Despite their ability to generate high quality samples when successfully trained, GANs require carefully designed tricks to stabilize training and avoid issues like mode collapse. We do not use adversarial training in our proposed approach, however, recent works of Mathieu et al. [7] and Szabó et al. [8] have shown interesting application of adversarial training for disentangling latent factors.

Cycle-Consistency. Cycle-consistency has been used to enable a Neural Machine Translation system to learn from unlabeled data by following a closed loop of machine translation [10]. Zhou et al. [11] use cycle-consistency to establish cross-instance correspondences between pairs of images depicting objects of the same category. Cycle-consistent architectures further find applications in depth estimation [12], unpaired image-to-image translation [13] and unsupervised domain adaptation [14]. We leverage the idea of cycle-consistency in the unspecified latent space and explicitly train the encoder to reduce leakage of information associated with specified factors of variation.

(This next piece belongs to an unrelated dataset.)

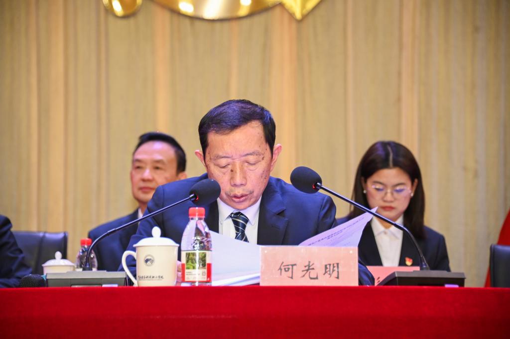 何光明致闭幕词,他表示这次党员大会,全面总结和回顾了学院过去几年来在党的建设和各项事业发展中所取得的成绩、经验,讨论确定了学院今后五年党的建设与改革发展的奋斗目标以及工作任务,选举产生了中国共产党Kaiyun官方网站登录入口新一届委员会和新一届纪律检查委员会。他希望各党组织、全体党员深入学习贯彻党的二十大和二十届历次全会精神,以习近平新时代中国特色社会主义思想为指导,认真贯彻党的教育方针,以为党育人、为国育才的教育使命,围绕党员大会提出的奋斗目标,扎实工作、开拓创新、砥砺奋进,为把Kaiyun官方网站登录入口建设成为中国一流职业大学而努力奋斗。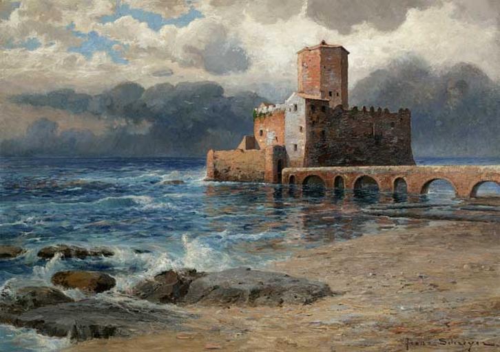 Keywords: Franz Schreyer - Castell Astura.jpg oil canvas cm 86 120 object history credit line Schreyer Franz Oscar Bernhard Landschaftsmaler und Aquarellist studierte an der Akademie in Leipzig und in Dresden Schüler von Friedrich Preller d J bereiste Italien Mitglied der Allgemeinen Deutschen Kunstgenossenschaft Bilder in zahlreichen deutschen Museen<ref>http //www auktion-bergmann de/ufItemInfo aspx a_id 83 i_id 257502 ShowTop 100 www auktion-bergmann de - Franz Schreyer Castell Astura</ref> accession number http //www auktion-bergmann de/ufItemInfo aspx a_id 83 i_id 257502 ShowTop 100 www auktion-bergmann de reflist PD-old-auto-1923 1938 Franz Oskar Bernhard Schreyer Torre Astura Nettuno Images from Auktionshaus Bergmann Lazio in art Historical images of Nettuno Italy |

Disentangling Factors of Variation. Initial works like [15] utilize the E-M framework to discover independent factors of variation which describe the observed data. Tenenbaum et al. [16] learn bilinear maps from style and content parameters to images. More recently, [17,18,19] use Restricted Boltzmann Machines to separately map factors of variation in images. Kulkarni et al. [20] model vision as inverse graphics problem by proposing a network that disentangles transformation and lighting variations. In [1] and [2], invariant representations are learnt by factoring out the nuisance variables for a given task at hand.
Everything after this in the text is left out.